We didn't see any real advances beyond [avelumab] until 2023, and that's when the enfortumab vedotin data read out from the phase 1b/2 EV-103/KEYNOTE-869 trial [NCT03288545]. That was a dose-escalation and -expansion trial with multiple arms. Patients with frontline metastatic bladder cancer who were cisplatin-ineligible [experienced] progression-free survival and OS benefits.
The OS with enfortumab vedotin in the frontline [setting] for cisplatin-ineligible patients ended up being 26.1 months, which is almost one-third higher than what we were seeing with traditional chemotherapy.1 The most exciting [part] of this was that the ORR was [77.3%] in this cisplatin-ineligible [population], whereas previous ORRs with traditional chemotherapy were closer to 30% or 40%.
EV-302 read out [in 2023], and that was looking at the combination of enfortumab vedotin plus pembrolizumab in all comers with [previously untreated] metastatic bladder cancer, including both cisplatin-eligible or -ineligible patients. The control arm was standard-of-care chemotherapy with gemcitabine and cisplatin. [Data from this study] led to the eventual full FDA approval for [treatment with this combination] in patients with bladder cancer in the frontline [setting].
We saw the same OS benefit [in a cisplatin-eligible and -ineligible population]. [Data presented at the 2023 ESMO Congress showed] the median OS for enfortumab vedotin plus pembrolizumab was 31.5 months.2 The survival benefit didn't change much between cisplatin-ineligible vs -eligible patients in the pre-planned subgroup analysis.

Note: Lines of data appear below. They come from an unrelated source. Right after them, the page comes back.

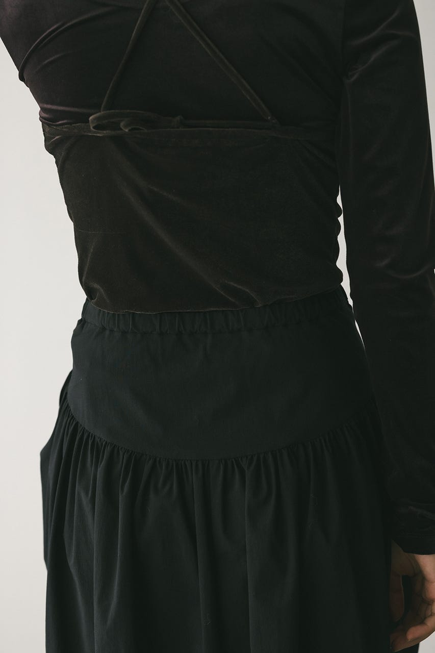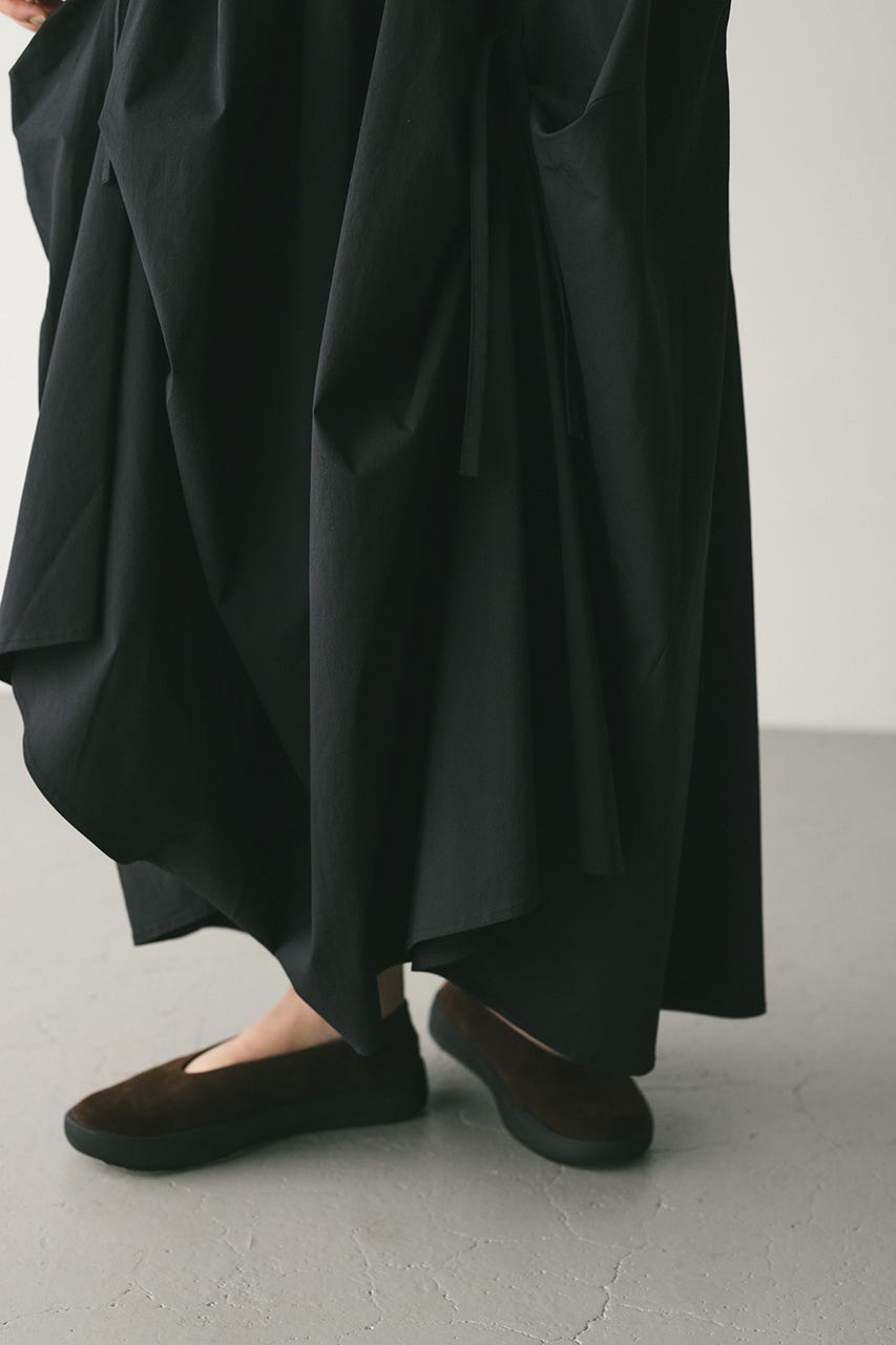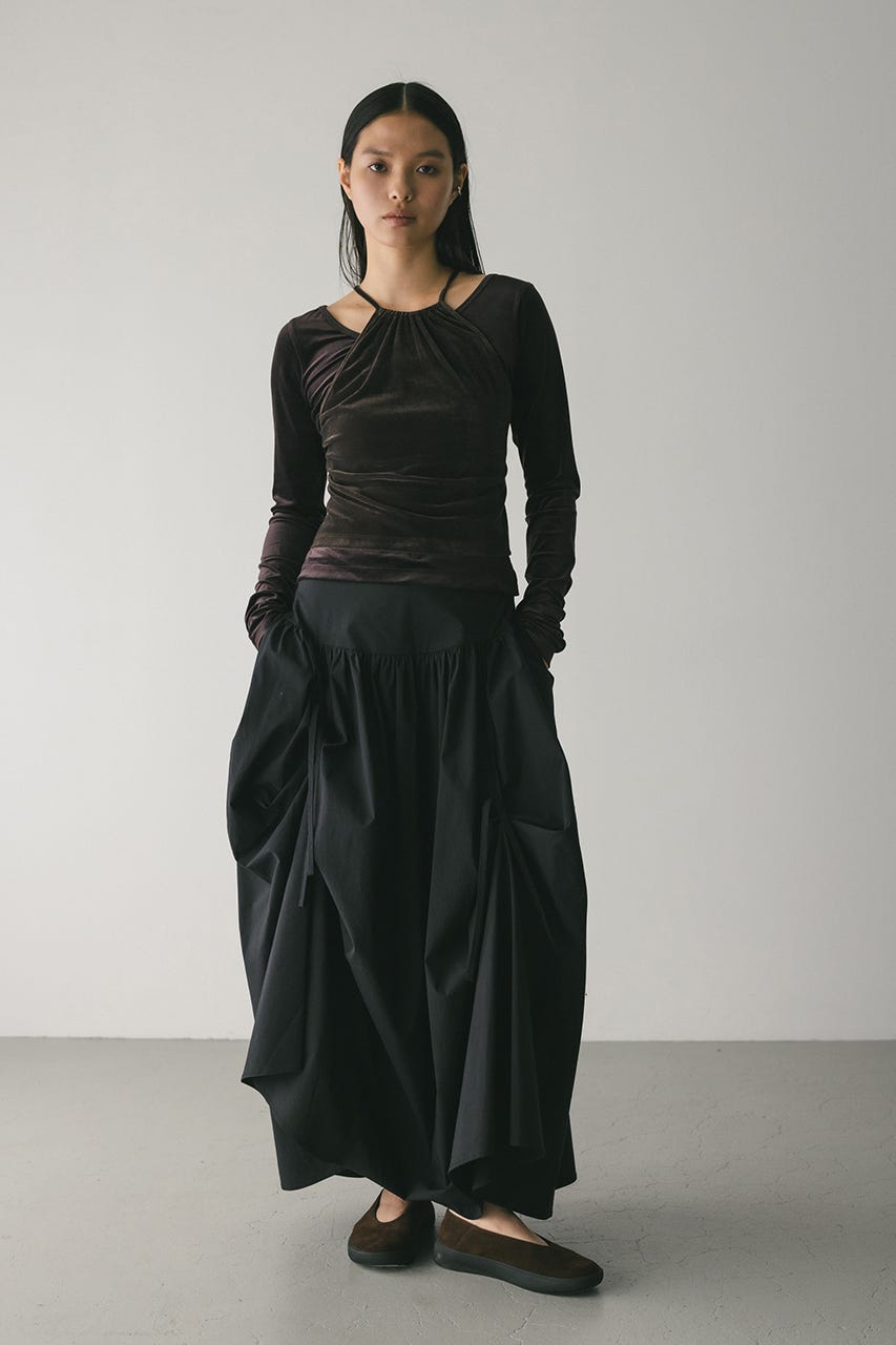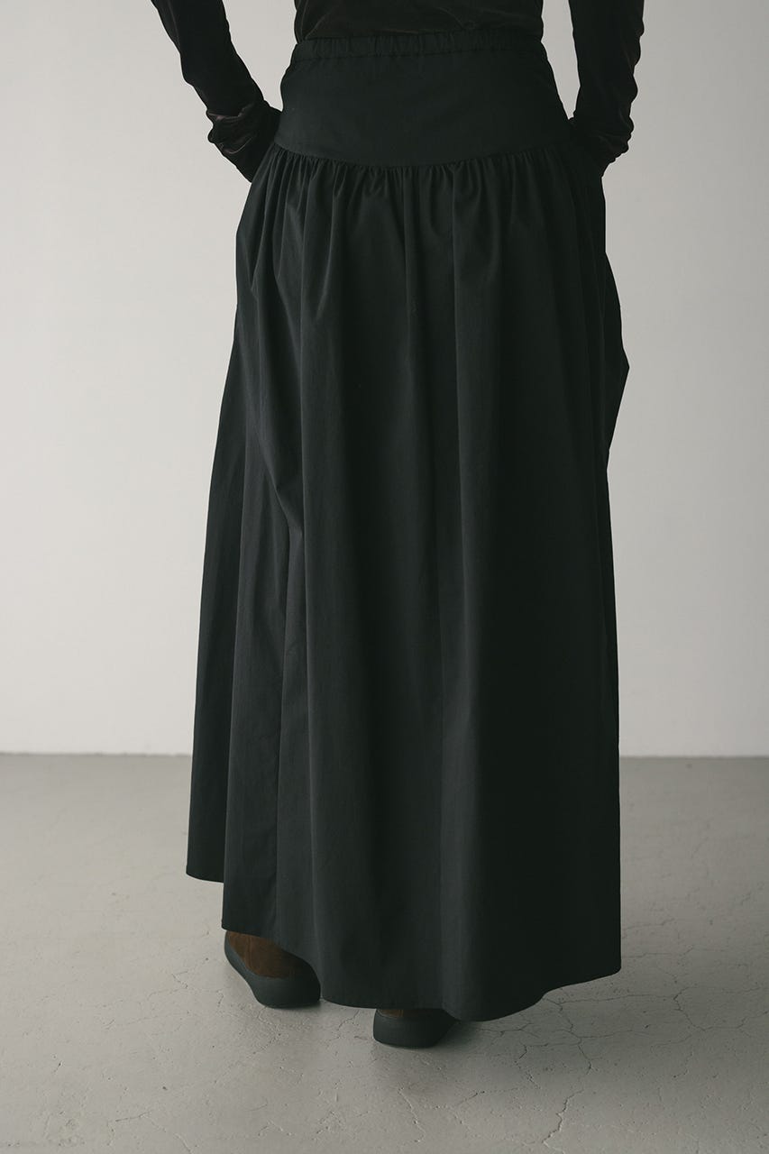 トレンド感のあるボリュームとポイントになるリボン結びで作られるタックがユニークなデザインに導くロングスカート。
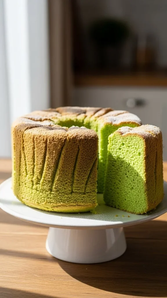 This pistachio cake is soft, moist, and lightly nutty. Ground pistachios add flavor and natural color. The crumb stays tender for days. A simple frosting keeps it comforting and familiar. Each slice shows a gentle green tone.
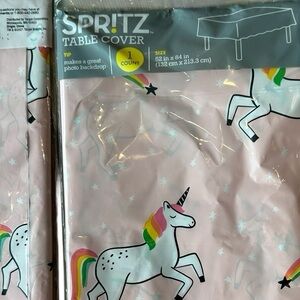 Brand new unopened party supplies - two tablecloths, three garlands, three packages of six glitter necklace favors ea for a total of 18 make this a great and easy deal for your next whimsical party.
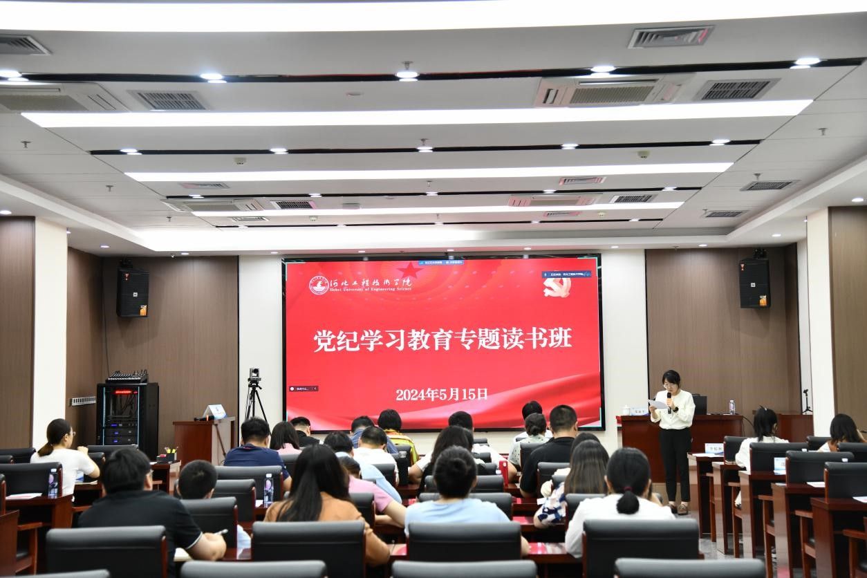 根据学校党纪学习教育总体安排,5月15日下午,我校在会议中心第一会议室举办党纪学习教育读书班。校党委书记常新平,党纪学习教育工作专班成员,党委组织部、党委宣传部等有关部门负责同志,各党总支书记、党支部书记出席参加。读书班由党委组织部部长李忆秋主持。读书班采取党委书记带头领学、党总支书记交流研学、观看党纪学习教育专题片等方式进行。
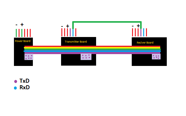 There is a wire from the RXD FTDI pin from the transmitter and to the TXD FTDI pin on the reciver, this is flipped because in the arduino code i flipped the parameters when decalring the software serial (Rx,Tx) i used (0,1) it should be (1,0) because if you see the schematics below. I am only using 2 pins on the power board, Vcc and GND. Flipping back the numbers will fix it, then you will need to flip the wiring back to the correct standard of connections, there is no right and wrong here, just good and better practice. Below is a video of the working communication, notice how the transmitter on top has slow blinking at first and the reciever is in a constant state. As soon as you click and hold for a bit the Transmitter LED becomes constant and the Reciver blinks fast. Download the Transmitter arduino code here. 3 boards NetworkI can actually use the ISP headers as pins to connect another board and i think logically speaking i dont need to use the wire from the FTDI pins RXD and TXD, i can just assign MISO pin as TXD and SCK as RXD, and change the pin numbers of the softwareserial rxd,txd to the appropriate pins of MISO and SCK, this way i can use as many boards as it is physically possible for the circut to handle, surely there is a limit. In this demonstration below i used the MISO pin as RXD and MOSI as TXD.
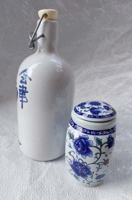 โถกับขวด กระเบื้องวินเทจมีฝาปิด
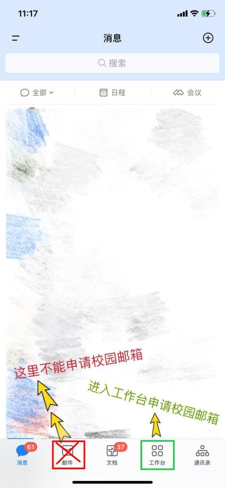 1.进入重庆交通大学企业微信APP。登录成功后,有5个导航栏,请点击工作台,进行校园邮箱申请。请不要点击“邮件”导航栏申请,这里是有校园邮箱并绑定成功后的邮件获取栏,如下图。

We again saw that high ORR in EV-302, [where] enfortumab vedotin plus pembrolizumab generated a confirmed ORR of 67.7%, whereas standard-of-care chemotherapy had an ORR of 44.4%.
Along with [enfortumab vedotin plus pembrolizumab], there was another frontline immunotherapy trial that also read out [at the 2023 ESMO Congress] called CheckMate 901, which [evaluated] the combination of traditional chemotherapy, such as platinum plus gemcitabine, and nivolumab followed by nivolumab maintenance. This was a large phase 3 trial. Patients were randomly assigned to receive [nivolumab or placebo plus chemotherapy, followed by nivolumab or placebo maintenance].
[Data showed nivolumab plus chemotherapy elicited] a median OS of 21.7 months.3 This was better than traditional chemotherapy where your median OS is approximately 18 to 20 [months], which was consistent with this trial [where the median OS was 18.9 months in the control arm].
However, when we look at CheckMate 901, we saw an ORR of 57.6% with the combination of [nivolumab] and chemotherapy, whereas you were approaching 70% with enfortumab vedotin plus pembrolizumab [in EV-302]. Although you can't compare between trials and there were similar improvements in efficacy [with nivolumab plus chemotherapy vs enfortumab vedotin plus chemotherapy], we have seen a larger percentage of patients have a response to the enfortumab vedotin and pembrolizumab combination, which is why I think it is in the forefront of most providers’ treatment armamentarium.